- _THE DATA_
== Segment start ==
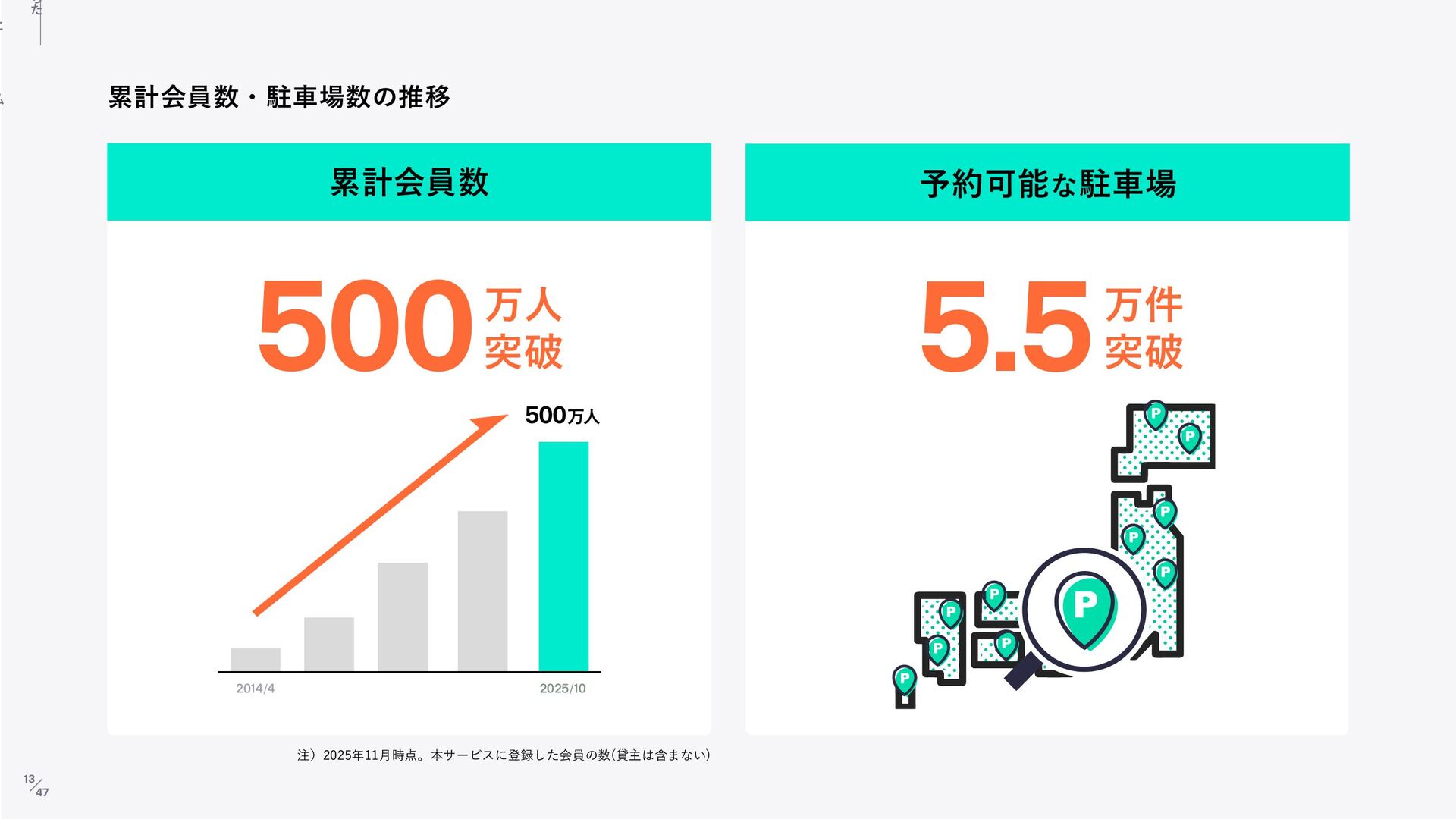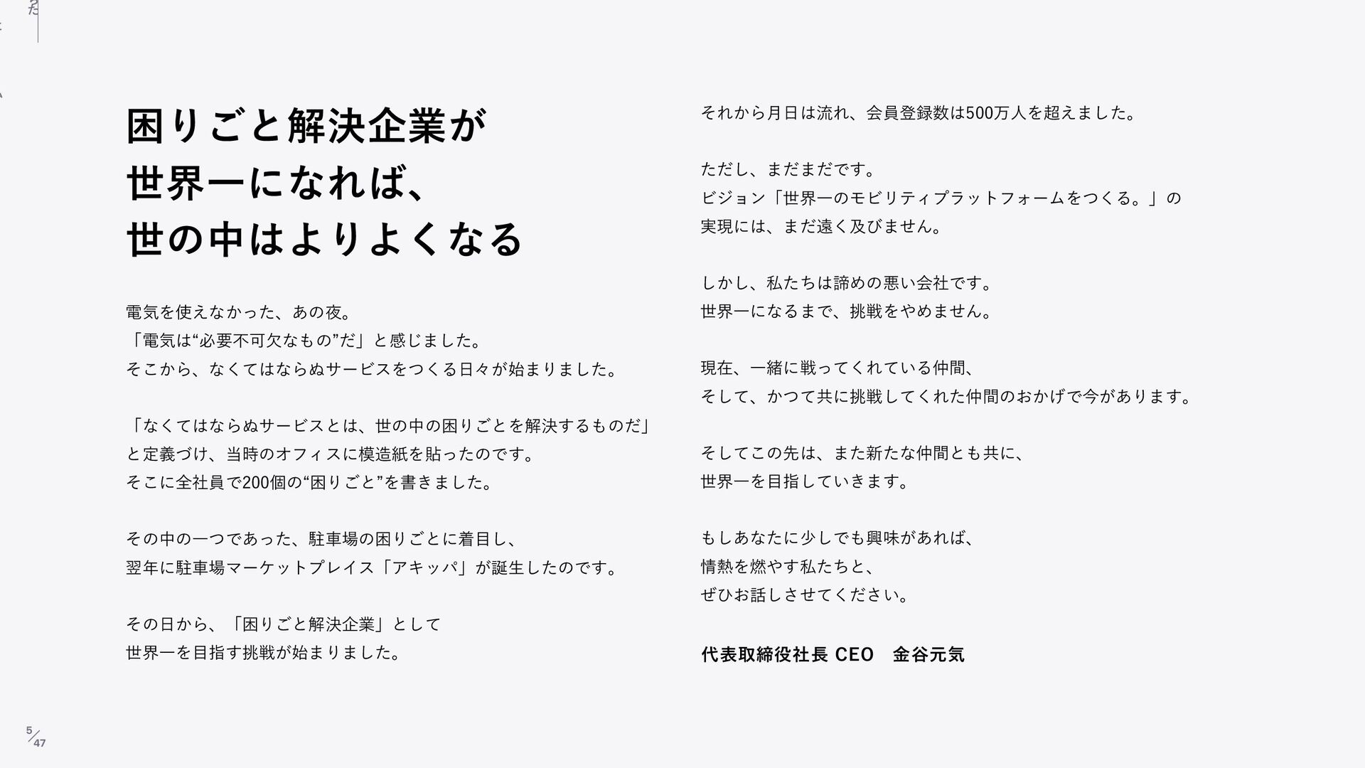 そこに全社員で200個の“困りごと”を書きました。 その中の一つであった、駐車場の困りごとに着目し、 翌年に駐車場マーケットプレイス「アキッパ」が誕生したのです。 その日から、「困りごと解決企業」として 世界一を目指す挑戦が始まりました。 それから月日は流れ、会員登録数は500万人を超えました。 ただし、まだまだです。 ビジョン「世界一のモビリティプラットフォームをつくる。」の 実現には、まだ遠く及びません。 しかし、私たちは諦めの悪い会社です。 世界一になるまで、挑戦をやめません。 現在、一緒に戦ってくれている仲間、 そして、かつて共に挑戦してくれた仲間のおかげで今があります。 そしてこの先は、また新たな仲間とも共に、 世界一を目指していきます。 もしあなたに少しでも興味があれば、 情熱を燃やす私たちと、 ぜひお話しさせてください。 5 47 私 た ち に つ い て
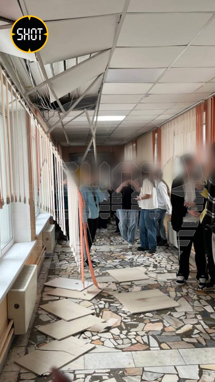 Там также обвалилась часть подвесного потолка — в коридоре. Пострадавших нет.
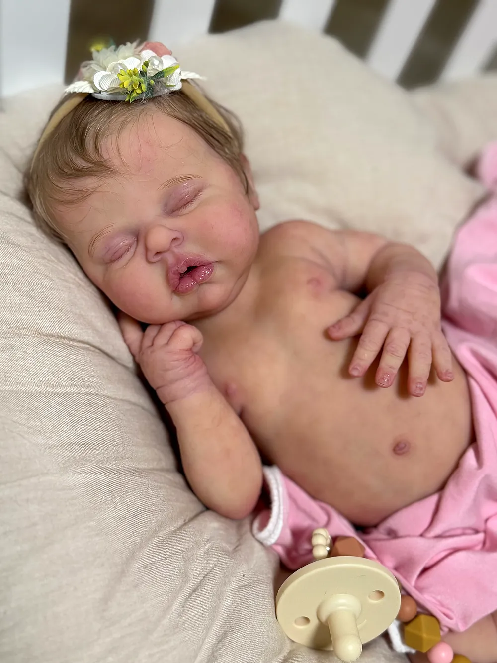 -She has a little mouth so be very careful when using pacifier. Be sure to use a little silicone powder on the pacifier before putting in the mouth.
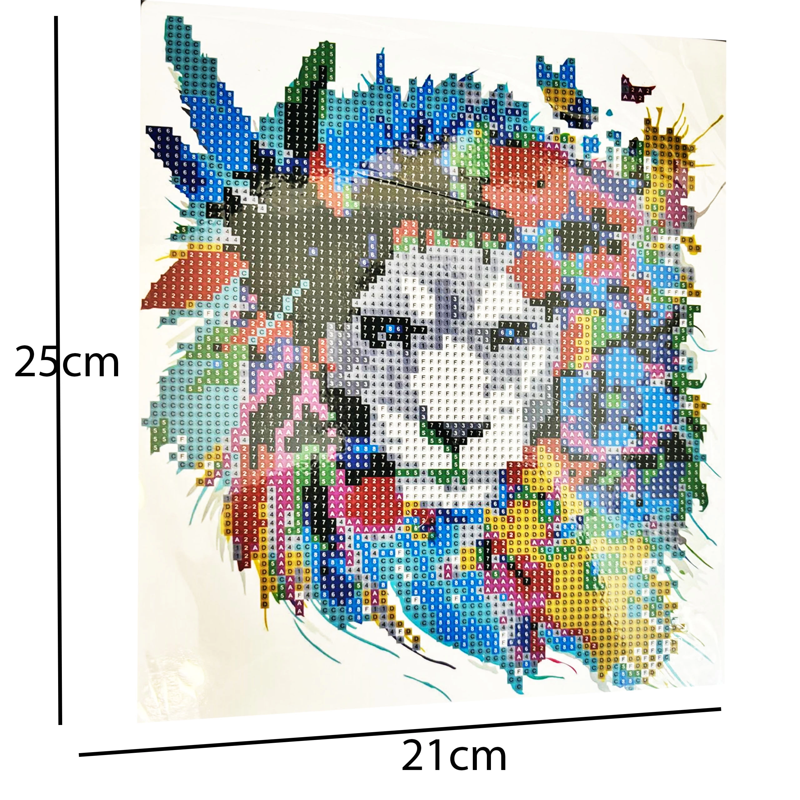 Alles Nötige ist im Set enthalten: selbstklebende Leinwand 21 × 25 cm, Resin-Steinchen in vielen Farben, Applikator mit Wachs für präzises Aufnehmen und ein geriffeltes Schälchen zum einfachen Ausrichten der „Drills“. Das Set ist perfekt für Einsteiger und fördert Feinmotorik, Konzentration und Geduld.
== Segment end ==
- _GOAL OF THE EXERCISE_
Leave the pictures out, and reproduce only the lines from the line holding "Там также обвалилась" through the last line of the material, both included.

- _SOLUTION TO THIS PROBLEM_
 Там также обвалилась часть подвесного потолка — в коридоре. Пострадавших нет.
 -She has a little mouth so be very careful when using pacifier. Be sure to use a little silicone powder on the pacifier before putting in the mouth.
 Alles Nötige ist im Set enthalten: selbstklebende Leinwand 21 × 25 cm, Resin-Steinchen in vielen Farben, Applikator mit Wachs für präzises Aufnehmen und ein geriffeltes Schälchen zum einfachen Ausrichten der „Drills“. Das Set ist perfekt für Einsteiger und fördert Feinmotorik, Konzentration und Geduld.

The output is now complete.